* **Instructions to follow**:
Exactly reproduce the lines from the one containing "为深入贯彻落实习近平总书记重" through the last line of the data, both ends included, leaving out pictures.

* **Dataset content**:

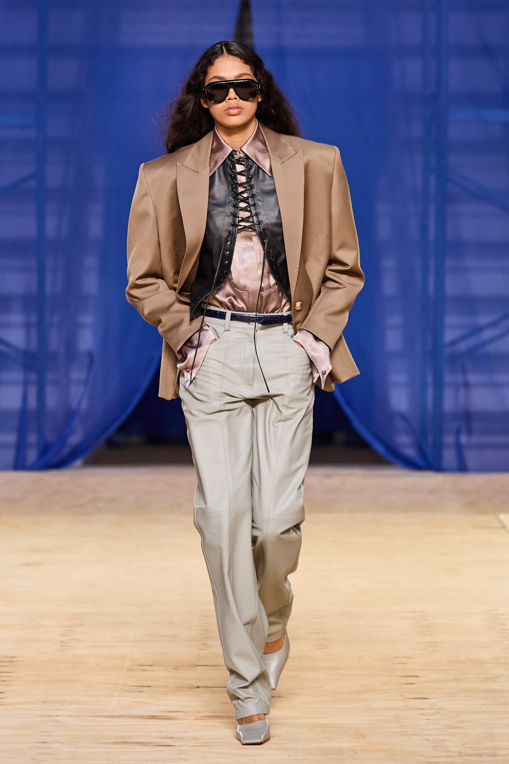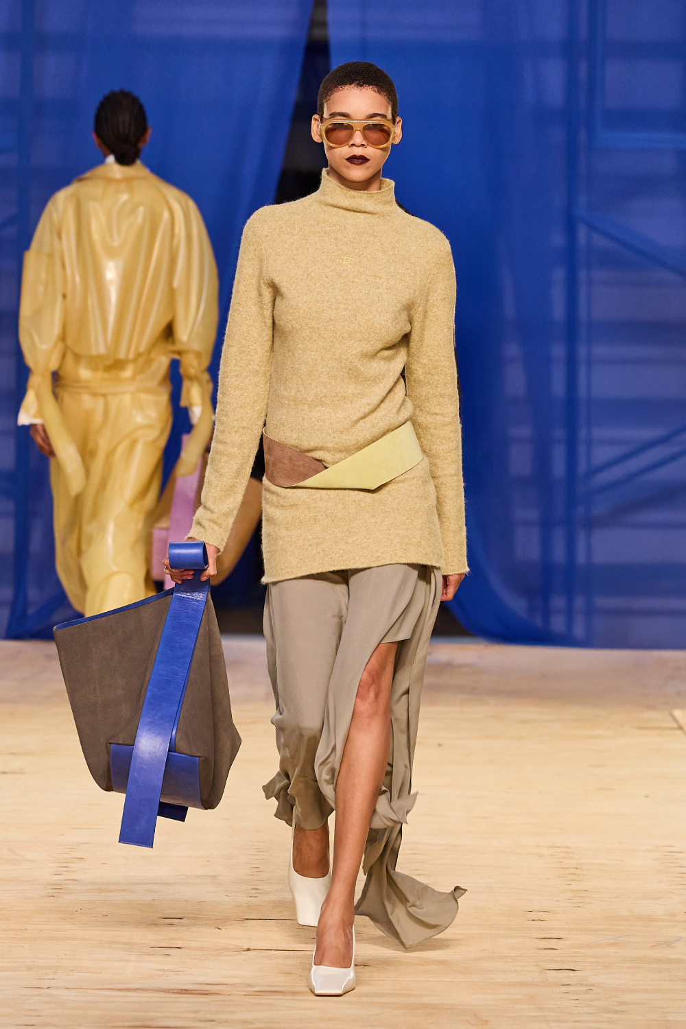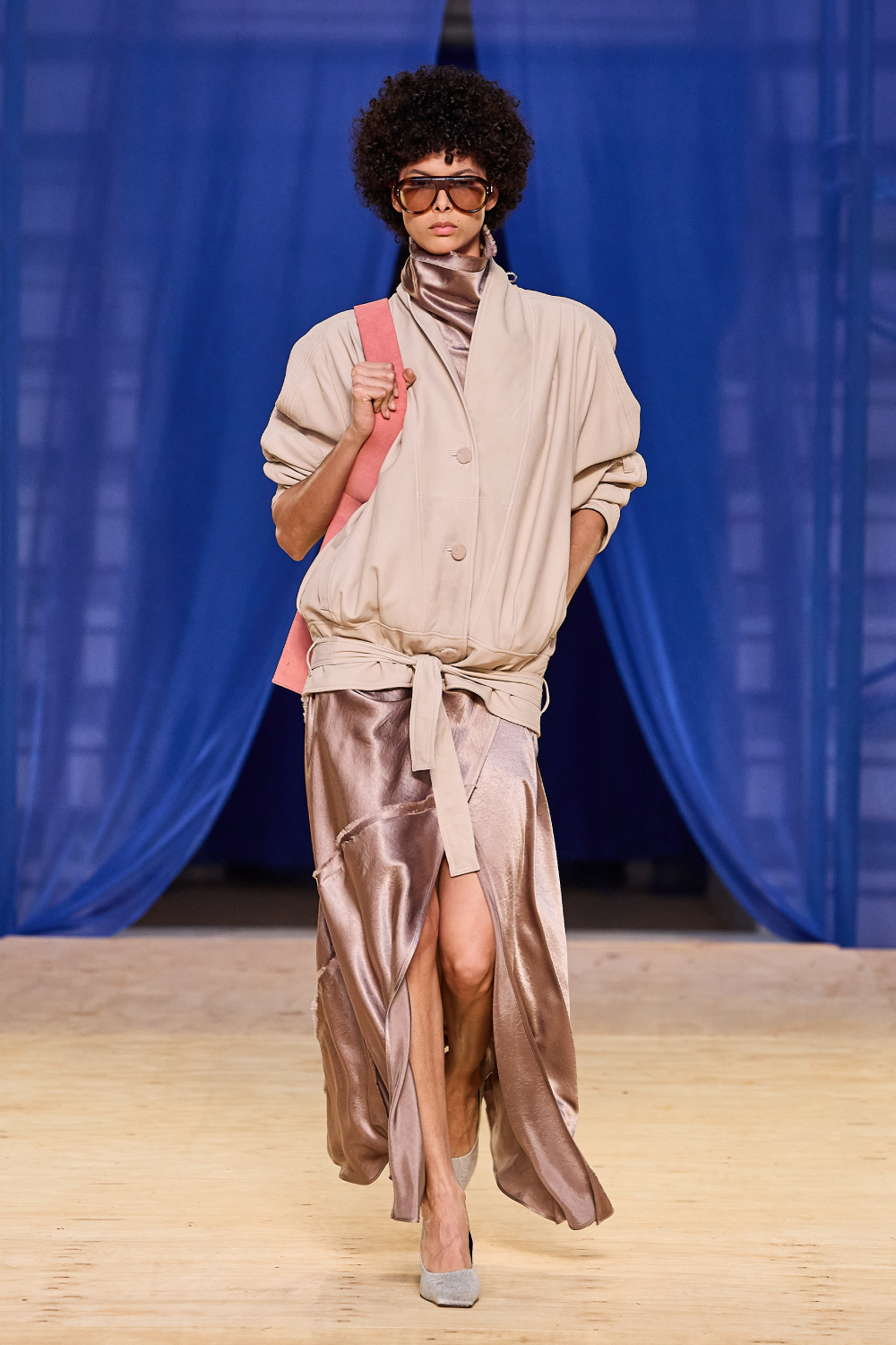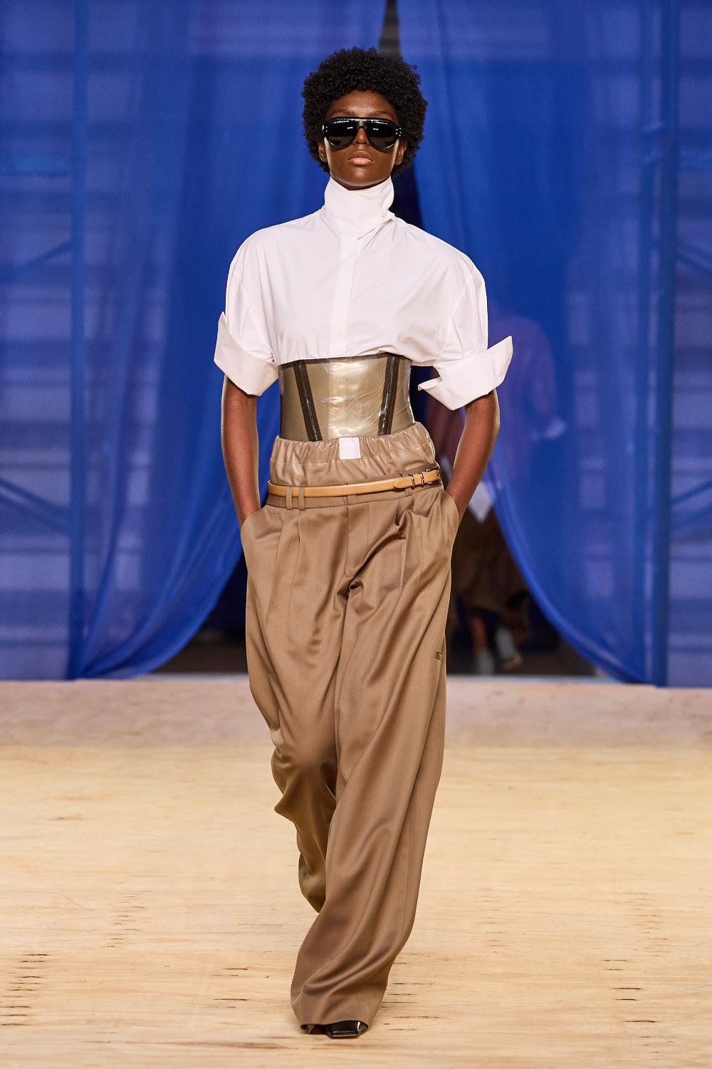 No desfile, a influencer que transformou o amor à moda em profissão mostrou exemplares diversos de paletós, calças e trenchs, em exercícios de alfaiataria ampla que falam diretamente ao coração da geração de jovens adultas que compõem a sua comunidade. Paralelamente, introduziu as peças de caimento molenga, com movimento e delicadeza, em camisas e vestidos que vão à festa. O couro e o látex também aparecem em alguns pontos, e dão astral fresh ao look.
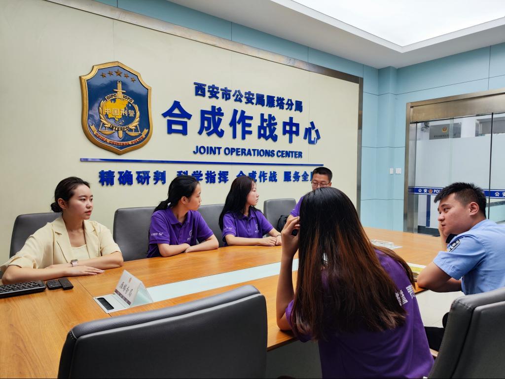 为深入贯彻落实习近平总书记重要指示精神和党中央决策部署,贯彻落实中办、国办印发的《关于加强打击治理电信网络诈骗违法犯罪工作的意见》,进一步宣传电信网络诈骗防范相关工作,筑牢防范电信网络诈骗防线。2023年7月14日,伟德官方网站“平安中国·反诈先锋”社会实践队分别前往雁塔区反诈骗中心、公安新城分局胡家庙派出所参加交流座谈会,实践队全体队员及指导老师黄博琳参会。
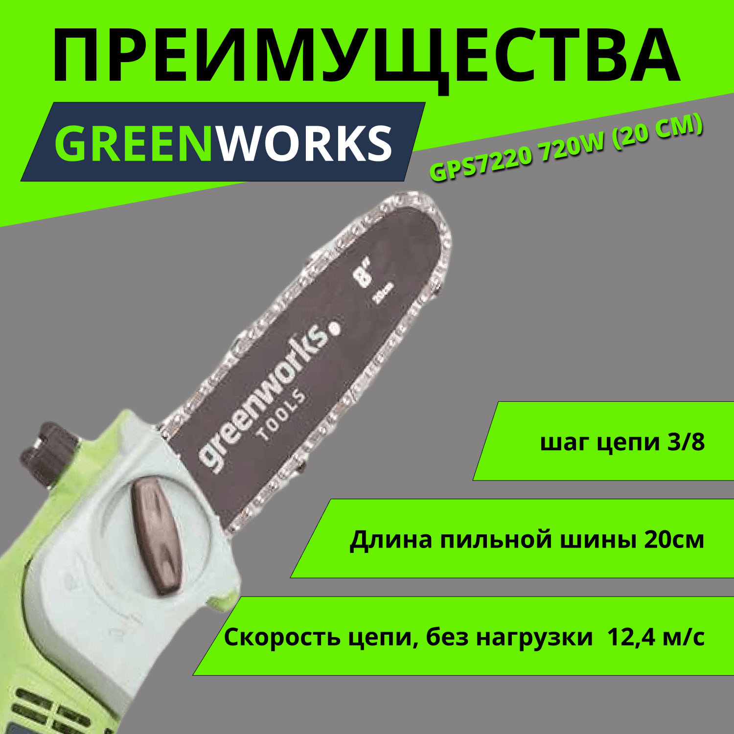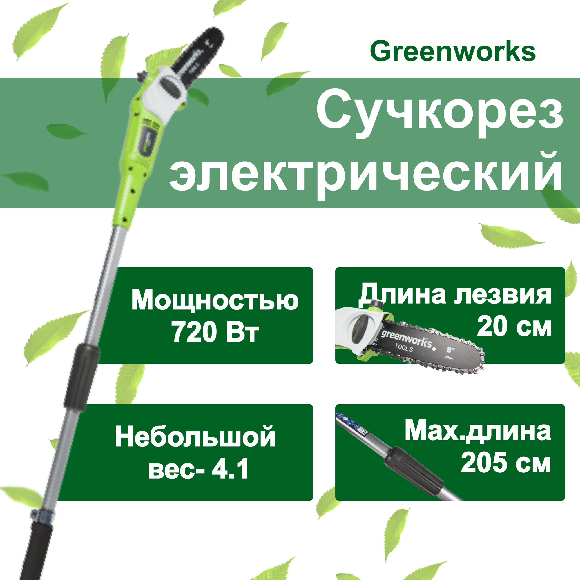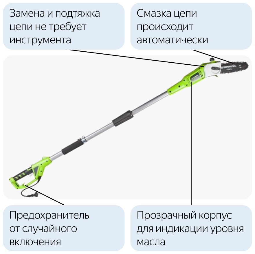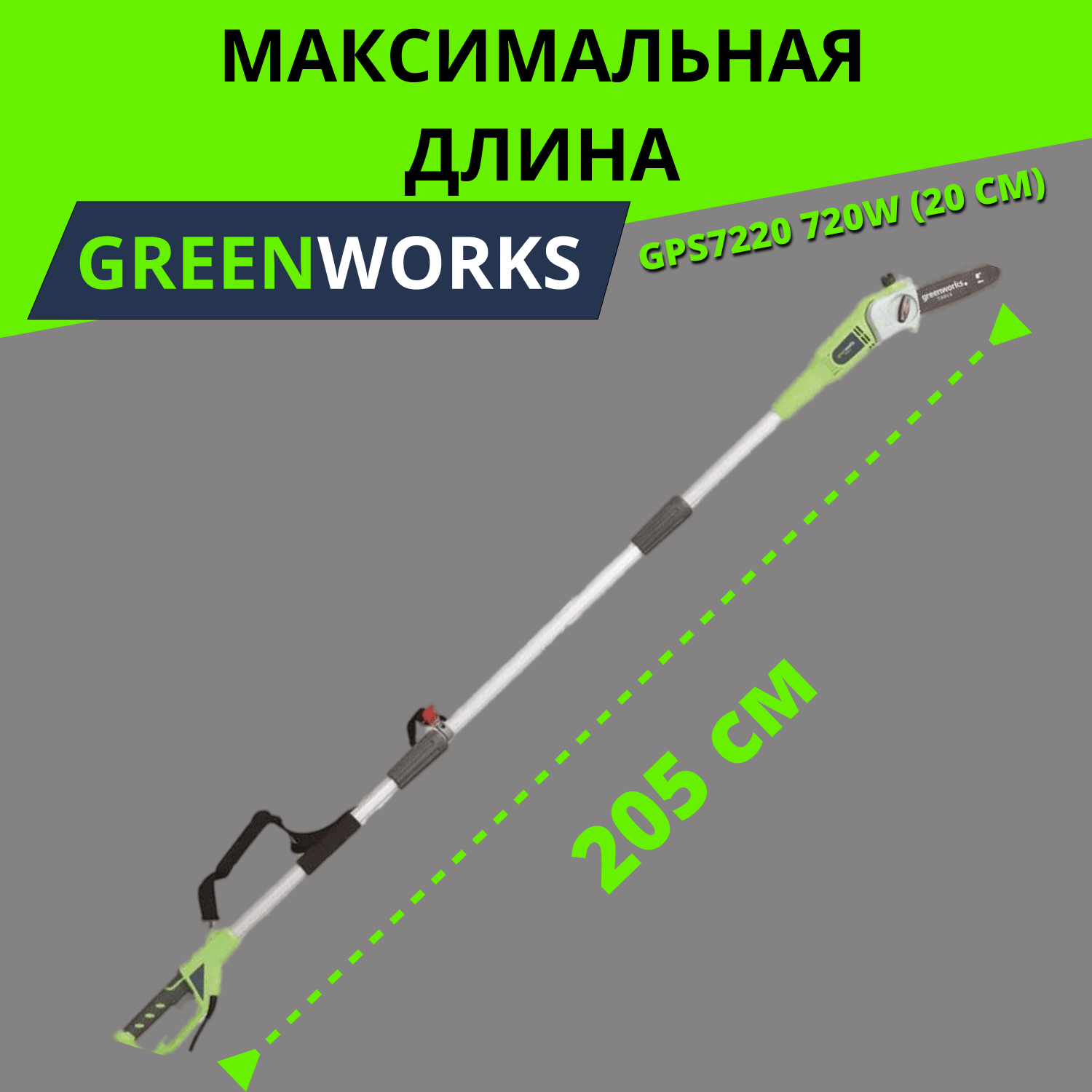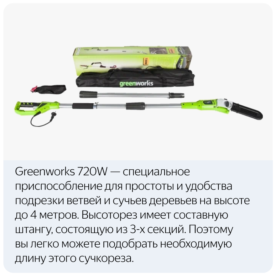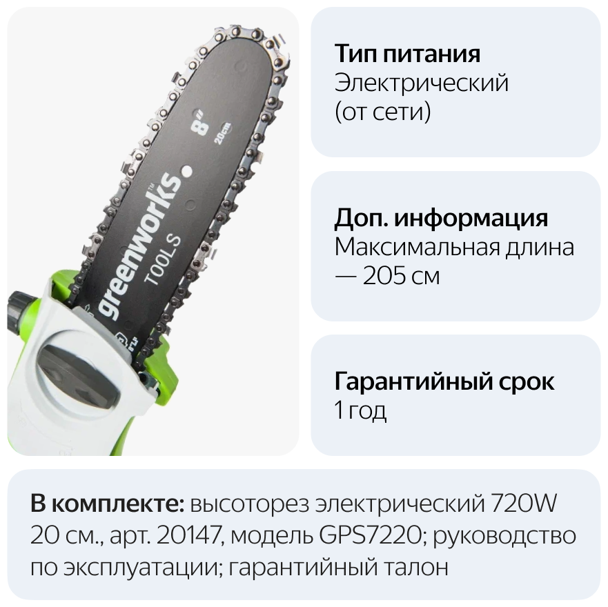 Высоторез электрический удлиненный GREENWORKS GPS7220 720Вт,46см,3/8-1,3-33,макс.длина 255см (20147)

* **Response for this exercise**:
 为深入贯彻落实习近平总书记重要指示精神和党中央决策部署,贯彻落实中办、国办印发的《关于加强打击治理电信网络诈骗违法犯罪工作的意见》,进一步宣传电信网络诈骗防范相关工作,筑牢防范电信网络诈骗防线。2023年7月14日,伟德官方网站“平安中国·反诈先锋”社会实践队分别前往雁塔区反诈骗中心、公安新城分局胡家庙派出所参加交流座谈会,实践队全体队员及指导老师黄博琳参会。
 Высоторез электрический удлиненный GREENWORKS GPS7220 720Вт,46см,3/8-1,3-33,макс.длина 255см (20147)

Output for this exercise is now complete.